The California automaker’s remarkable rise comes amid a chip shortage that has introduced supply constraints into the battle for luxury buyers. Tesla has been able to weather the semiconductor shortage better than some rivals, partially by using software for functions previously controlled by chips.

“It might be a bit early to say Tesla is surpassing Mercedes in sales permanently, but the fact that it’s managed to do so with a much more limited product line is impressive,” said Jessica Caldwell, executive director of insights at Edmunds. She also said Mercedes has been struggling generally with consumers.

“Given where we are with the chip shortage, it’s probably premature to make any sweeping long-term declarations as automakers are grappling with varying degrees of difficulty, but it does show the strength of Tesla,” Caldwell said.

Tesla is also preparing to open its second U.S. factory near Austin, Texas, and is expanding its operations in California, according to CEO Elon Musk.

In addition to its current lineup of two sedans and two crossovers, Tesla plans to launch the Cybertruck pickup next year from the Texas plant, with a massive backlog of pre-orders. Musk has said supply is the problem, not demand.

Tesla has also been steadily raising prices, often sharply and abruptly. Rivals, too, have been charging more for their vehicles at the dealer level, with much higher transaction prices than last year because of supply constraints.

Caldwell said Tesla’s red-hot streak may not last forever, but that the EV maker clearly has momentum compared with legacy rivals as consumer tastes shift.

“Tesla will eventually lose some of its cachet; no brand can be the ‘it brand’ forever,” Caldwell said in an email to Automotive News.

    “But its product portfolio is expanding. So, what Tesla loses in cool, it will gain in opportunities for volume growth, and mainstream luxury players will be under siege for quite a while,” she said.

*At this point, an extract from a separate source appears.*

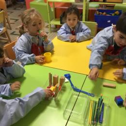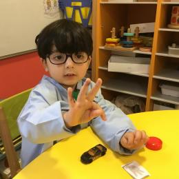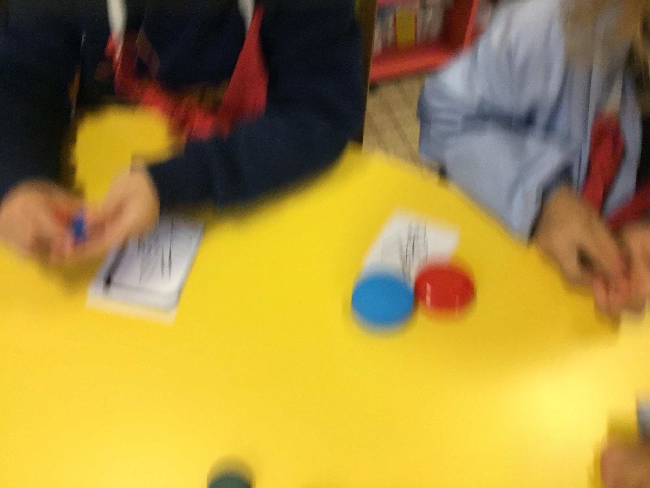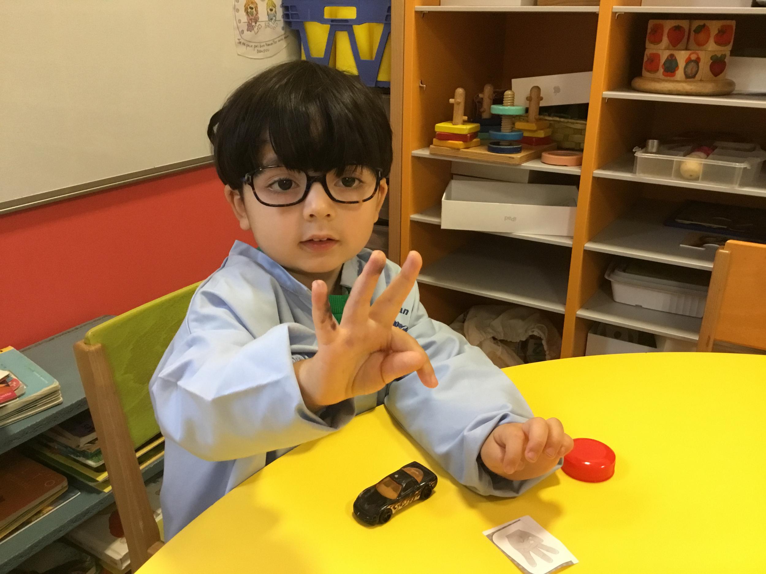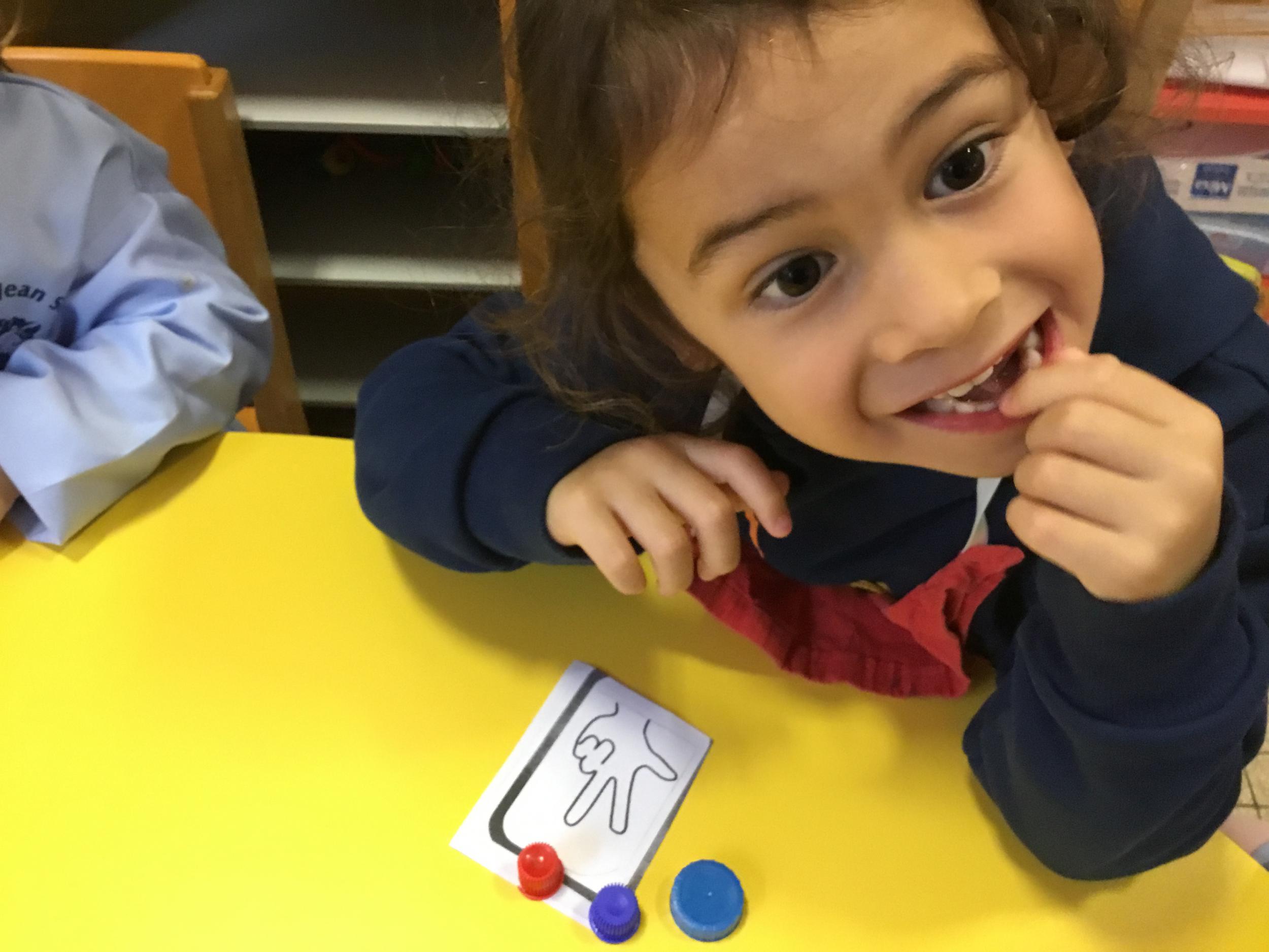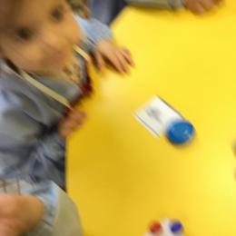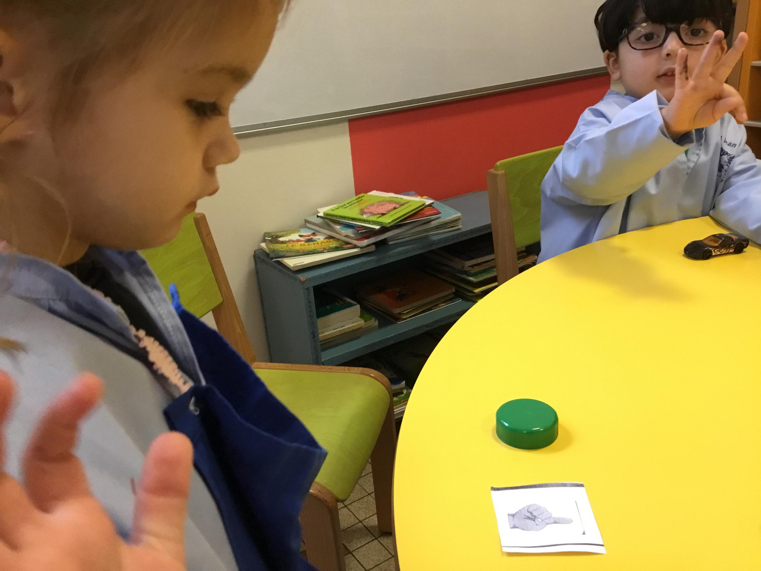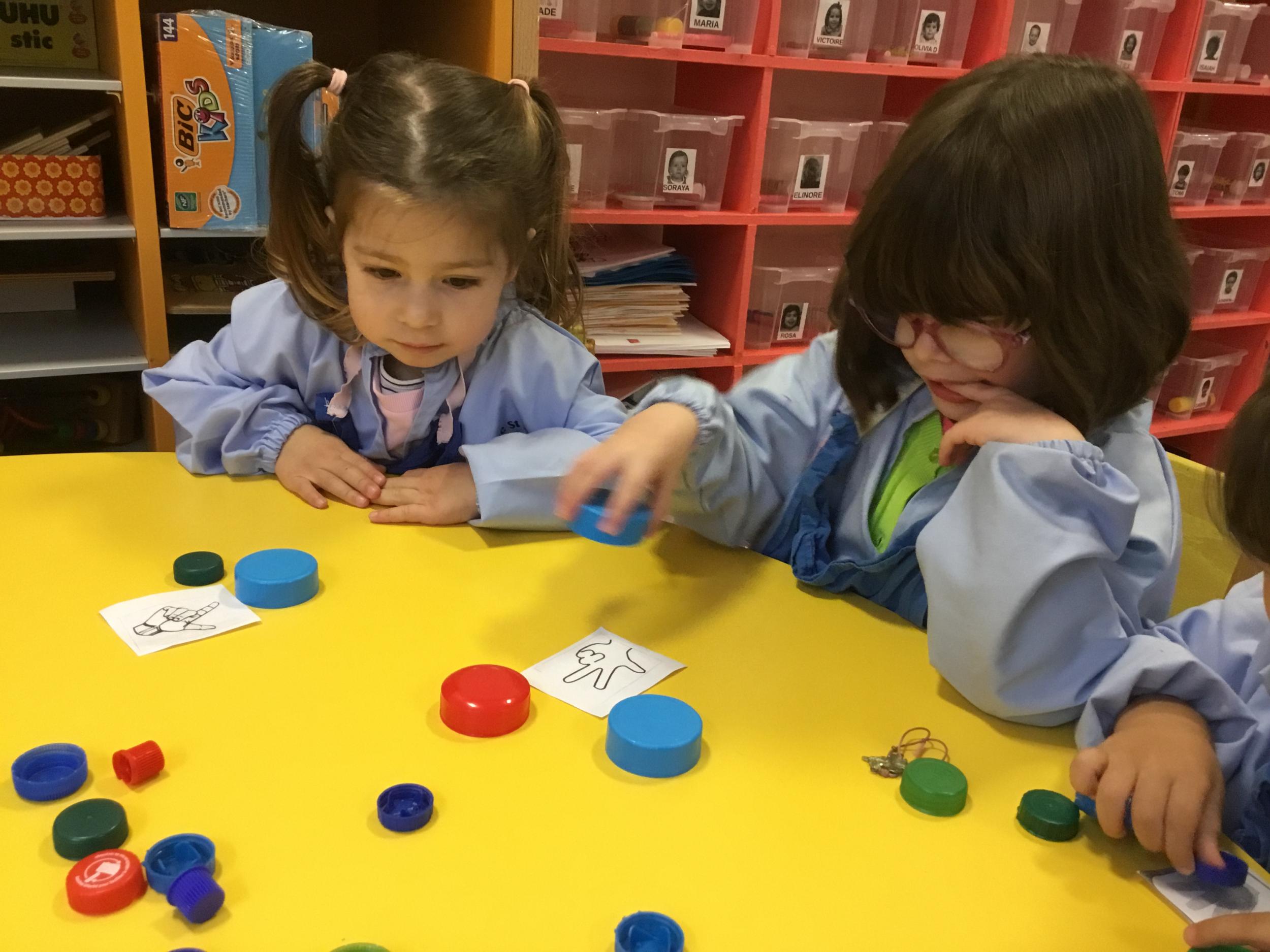 Le lendemain un autre atelier à été proposé toujours pour apprendre à compter. La maîtresse distribuait une carte à chaque enfant sur laquelle était dessinée une collection de doigts. Elle demandait à chaque enfant de choisir « comme ça » de bouchons . Puis dans un deuxième temps, ensemble les enfants vérifiaient que chacun ait pris le bon nombre de bouchons. Enfin chaque enfant devait compter et annonçait le nombre de bouchons correspondant à sa carte.

    In other data from the Experian report this month:

    • Audi was fifth in U.S. luxury-vehicle registrations through September with 170,092. Acura was sixth with 130,703 and Cadillac was seventh with 104,146.
    • EV sales in California are setting the pace for the nation with an 82 percent rise in EV registrations compared with last year, with 118,287 through the third quarter. California accounted for 35 percent of EV registrations.
    • Texas, home to Tesla’s second U.S. factory, is barely a blip on the EV charts. Through September the state notched just 6 percent of EV registrations. Tesla sales did more than double vs. last year to 14,778, suggesting that the Lone Star State is embracing some EV models.